> _Aim of the task_
Locate the line that contains "В номере гостей". Retype it and every line after it to the end of the records, exactly, but not the pictures.

(Data records)
☆ ☆ ☆ ☆
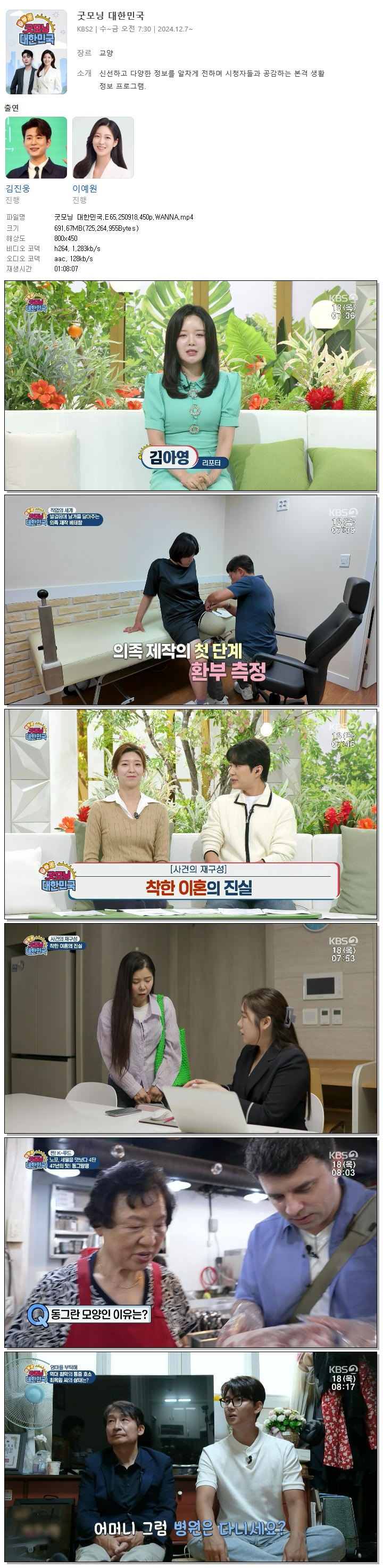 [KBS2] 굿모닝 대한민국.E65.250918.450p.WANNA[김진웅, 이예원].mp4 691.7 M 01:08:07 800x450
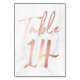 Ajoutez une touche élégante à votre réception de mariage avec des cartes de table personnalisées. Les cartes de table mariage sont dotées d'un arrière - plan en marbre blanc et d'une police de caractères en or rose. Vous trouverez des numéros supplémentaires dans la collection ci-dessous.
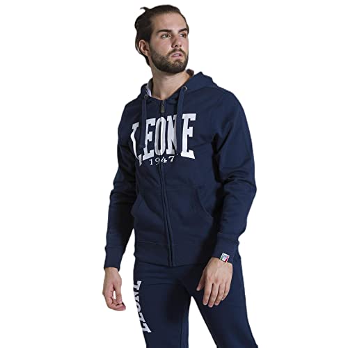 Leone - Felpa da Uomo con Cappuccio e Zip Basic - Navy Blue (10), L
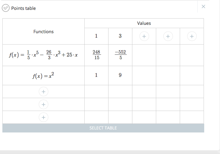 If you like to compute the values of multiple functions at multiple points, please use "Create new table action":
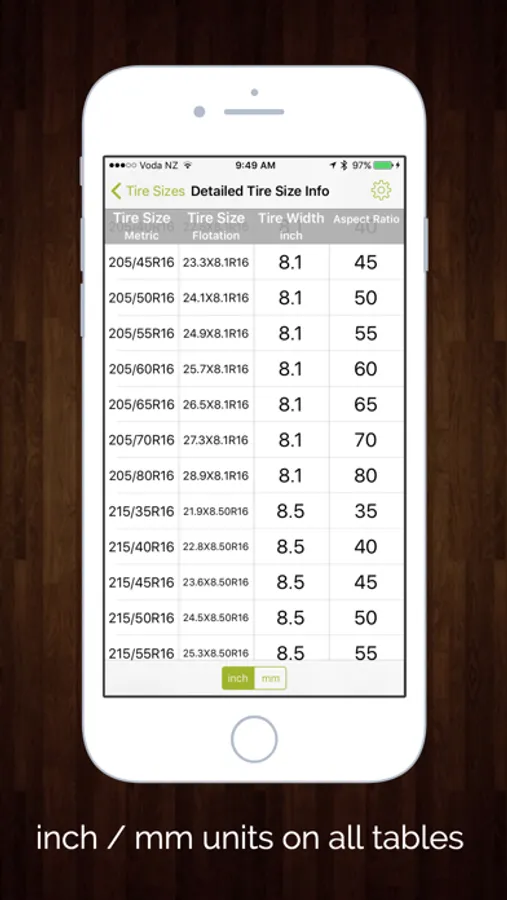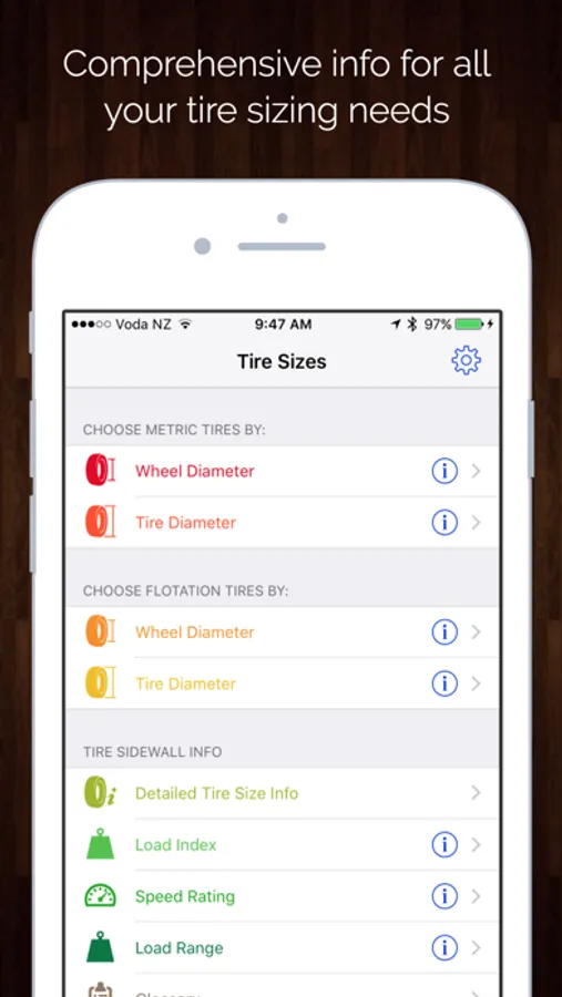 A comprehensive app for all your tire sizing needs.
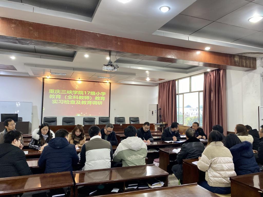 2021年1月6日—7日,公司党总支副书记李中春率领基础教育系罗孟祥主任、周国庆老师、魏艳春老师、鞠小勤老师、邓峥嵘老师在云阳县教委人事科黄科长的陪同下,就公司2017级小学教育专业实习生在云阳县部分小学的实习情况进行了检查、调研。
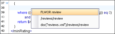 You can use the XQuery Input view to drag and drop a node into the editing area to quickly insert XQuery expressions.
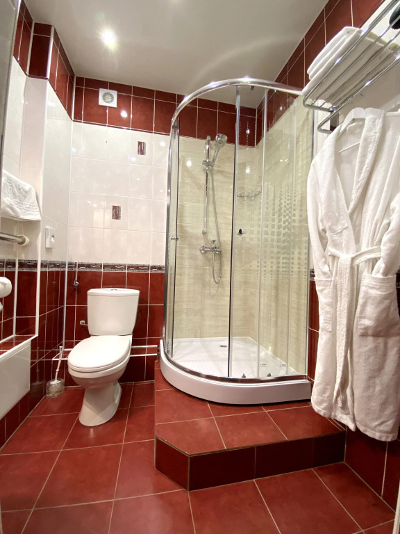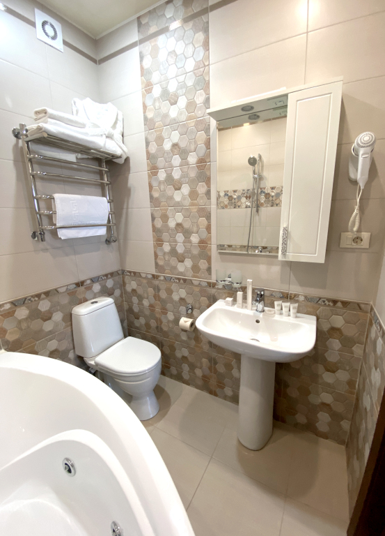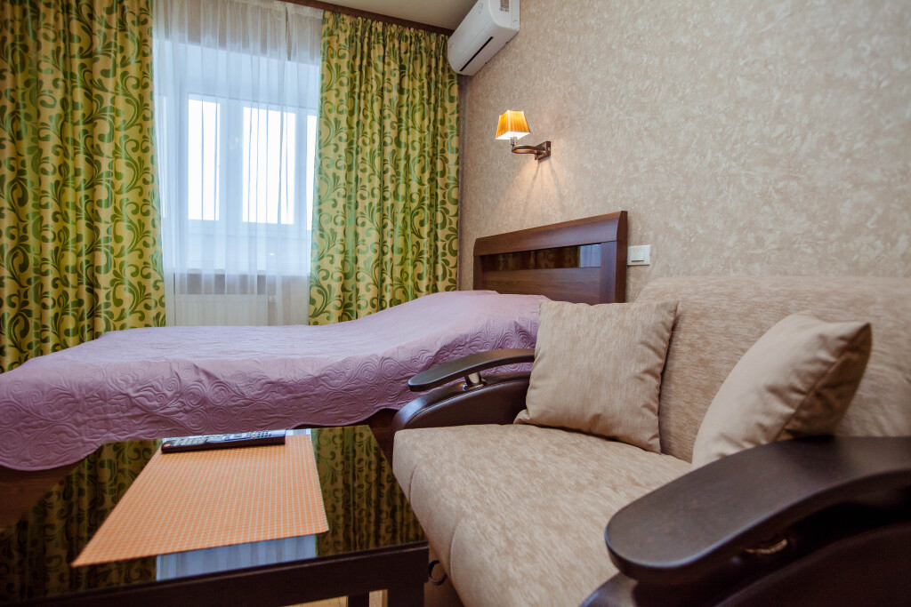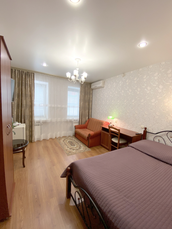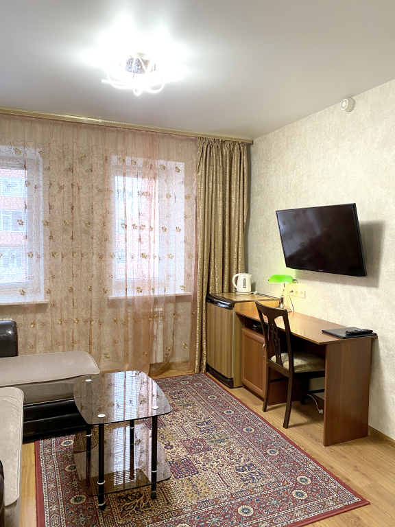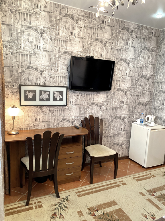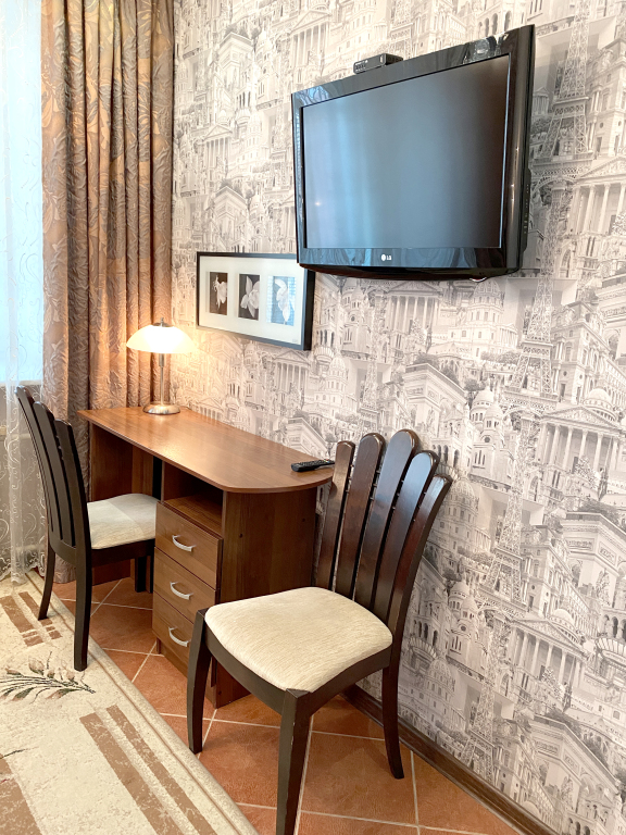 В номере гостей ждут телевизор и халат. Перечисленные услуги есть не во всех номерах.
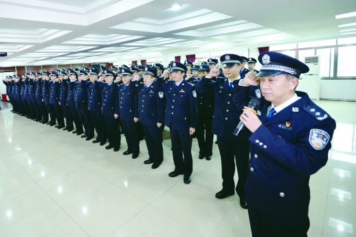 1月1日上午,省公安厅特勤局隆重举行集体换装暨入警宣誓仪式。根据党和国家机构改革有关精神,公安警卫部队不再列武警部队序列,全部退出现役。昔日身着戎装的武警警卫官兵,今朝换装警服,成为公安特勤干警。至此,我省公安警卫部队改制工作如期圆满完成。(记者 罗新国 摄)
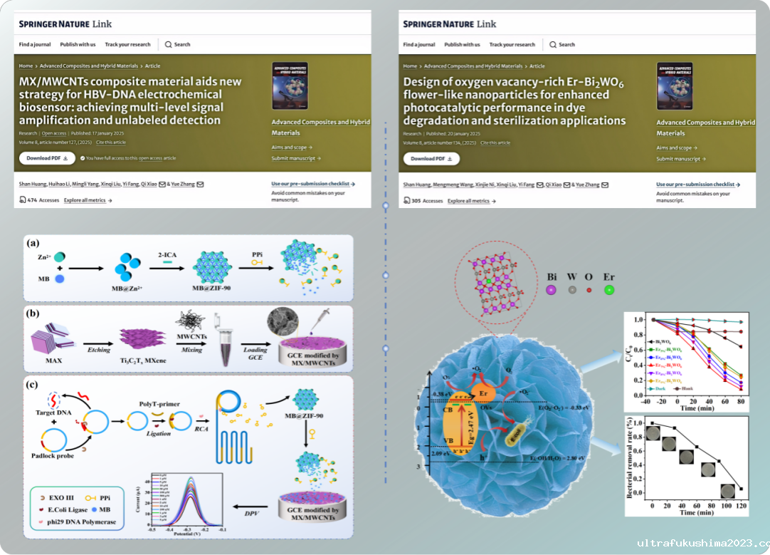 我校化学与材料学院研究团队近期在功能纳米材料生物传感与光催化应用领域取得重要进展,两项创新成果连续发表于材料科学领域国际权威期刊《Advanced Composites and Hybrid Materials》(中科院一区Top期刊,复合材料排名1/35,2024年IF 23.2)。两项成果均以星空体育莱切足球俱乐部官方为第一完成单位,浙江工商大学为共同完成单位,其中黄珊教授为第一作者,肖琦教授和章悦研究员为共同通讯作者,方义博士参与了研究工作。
☆ ☆ ☆ ☆
> _Exercise response_
 В номере гостей ждут телевизор и халат. Перечисленные услуги есть не во всех номерах.
 1月1日上午,省公安厅特勤局隆重举行集体换装暨入警宣誓仪式。根据党和国家机构改革有关精神,公安警卫部队不再列武警部队序列,全部退出现役。昔日身着戎装的武警警卫官兵,今朝换装警服,成为公安特勤干警。至此,我省公安警卫部队改制工作如期圆满完成。(记者 罗新国 摄)
 我校化学与材料学院研究团队近期在功能纳米材料生物传感与光催化应用领域取得重要进展,两项创新成果连续发表于材料科学领域国际权威期刊《Advanced Composites and Hybrid Materials》(中科院一区Top期刊,复合材料排名1/35,2024年IF 23.2)。两项成果均以星空体育莱切足球俱乐部官方为第一完成单位,浙江工商大学为共同完成单位,其中黄珊教授为第一作者,肖琦教授和章悦研究员为共同通讯作者,方义博士参与了研究工作。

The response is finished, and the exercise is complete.